10 Good Things About Working Longer Hours


With the economy in the crapper, most people I know wouldn't even think of uttering the words "work/life balance." As more people are laid off, it's up to the survivors to pick up the work load and do it without complaint -- if they want to keep their job.

But it's tough. Real tough. That's why I thought I'd end the week with a sort of optimistic view of what many of us are going through right now -- work/life imbalance.

So, without further ado, here are ....

10 Good Things About Working Longer Hours

1. Your mom feels so bad for you she's started doing your laundry.

2. Your neighbors are dropping off meals at your house, thinking you died. (The tuna casserole was excellent.)

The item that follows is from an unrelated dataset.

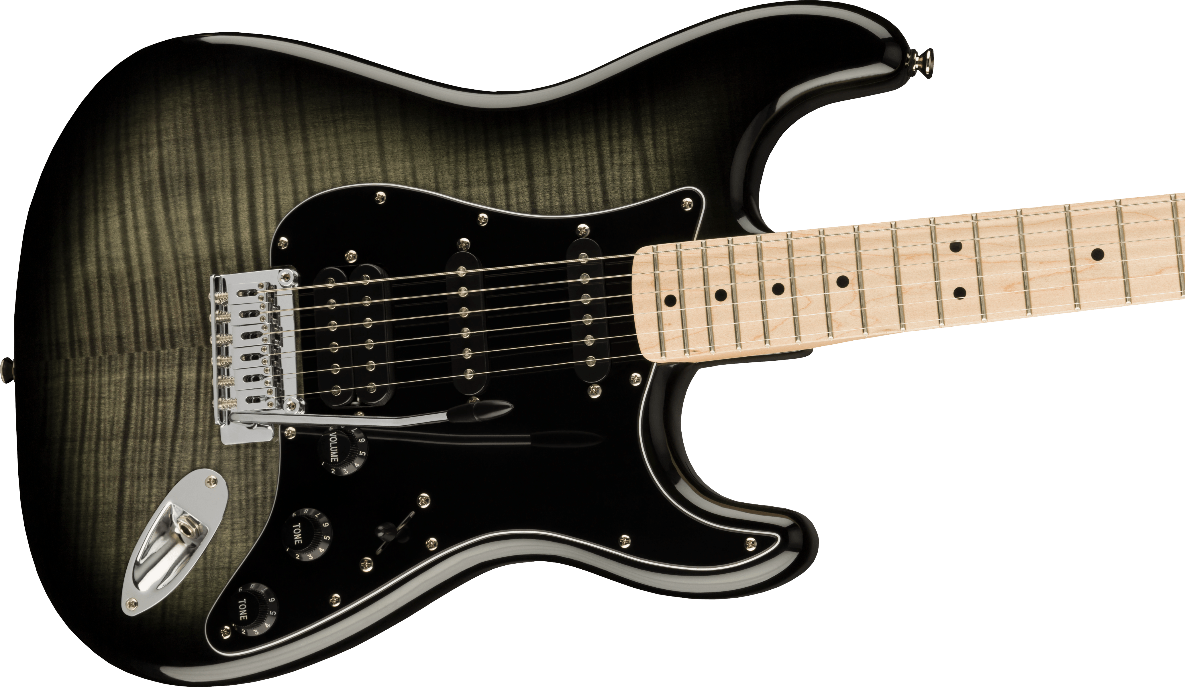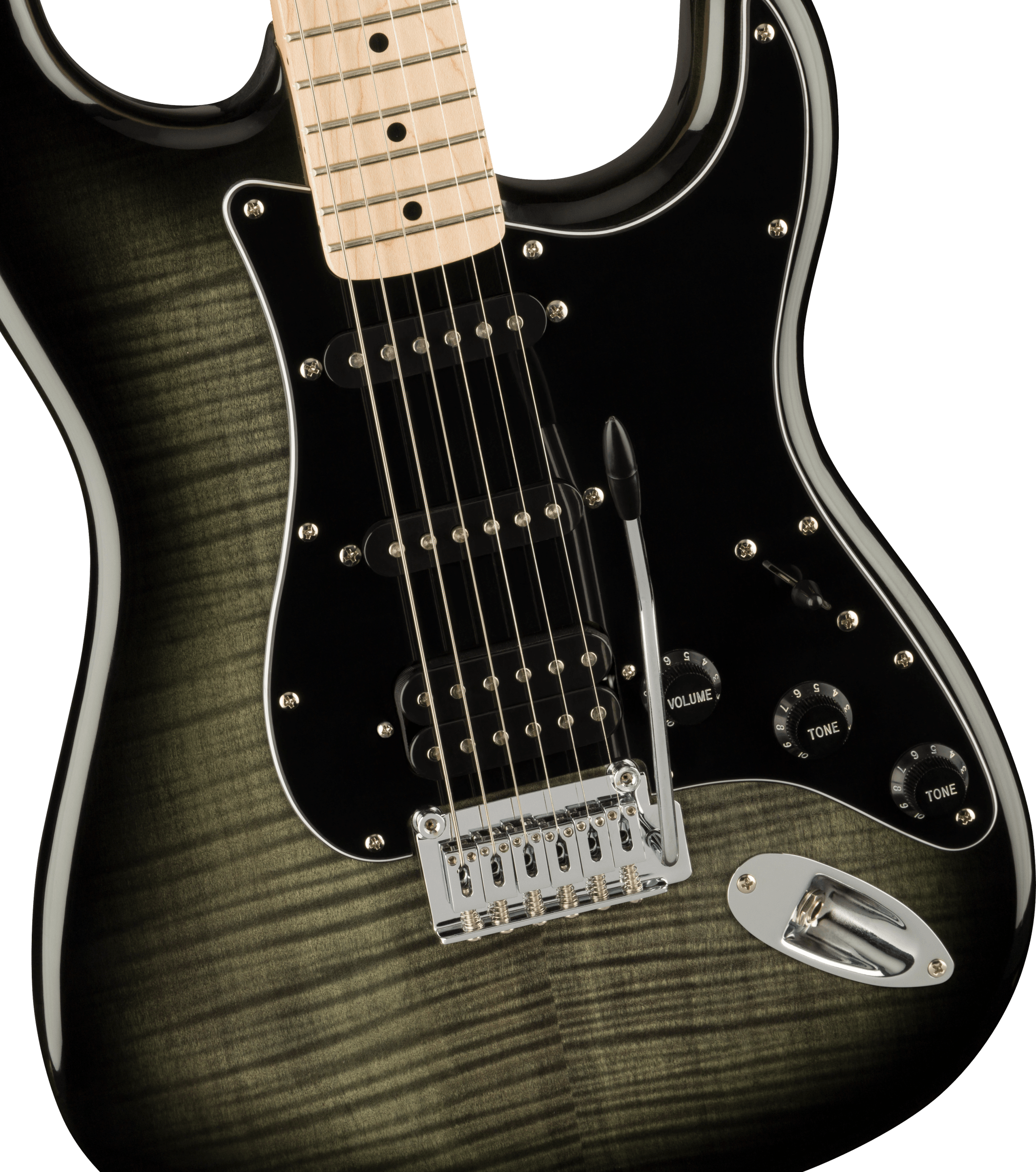 SQUIER AFFINITY STRAT FMT HSS MN BPG BBST est une guitare électrique solid body, modèle Affinity Series Stratocaster FMT HS, avec un corps en peuplier et une finition en polyuréthane brillant, un dessus en érable flammé FMT, un manche en érable en profil "C", un doigté en érable avec un rayon de 9,5" avec 21 frettes Medium Jumbo et des incrustations Black Dots avec des points latéraux noirs, un pickguard noir, un truss rod à réglage standard, un sillet en os synthétique, un matériel nickelé, des mécaniques Sealed Die-Cast avec des arbres divisés, un abaisse-cordes Dual Wing et un pont à tremolo synchronisé 2-Point avec des selles Block. L'électronique à configuration HSS consiste en 1 micro Ceramic Humbucker au pont et 2 micros Ceramic Single-Coil au centre et au manche avec un contrôle de volume principal, 2 contrôles de tonalité principale et un sélecteur de micro à 5 voies.

3. The dog has quit shredding the drapes. It's no fun when you're not around to yell about it.

4. The overnight security guard at work has been letting you in on some really good deals. It's amazing the stuff that falls off the back of a truck!

5. You won $5 from the cleaning lady who said no way would a sleeping bag fit under the desk. Way!

6. No standing in line for coffee at Starbucks. You're first in line when the doors open.

7. Living in the same suit for five days straight has really cut down on your dry cleaning bill.

8. For Halloween, you didn't have to buy a costume. You went as one of the "undead" and won first prize in the scariest costume category.

9. Your stalker finally gave up and went away, saying your schedule was just too exhausting.

10. You don't have far to go for your weekly groceries -- the vending machine is just down the hall!

Are you working longer hours? How do you remain upbeat?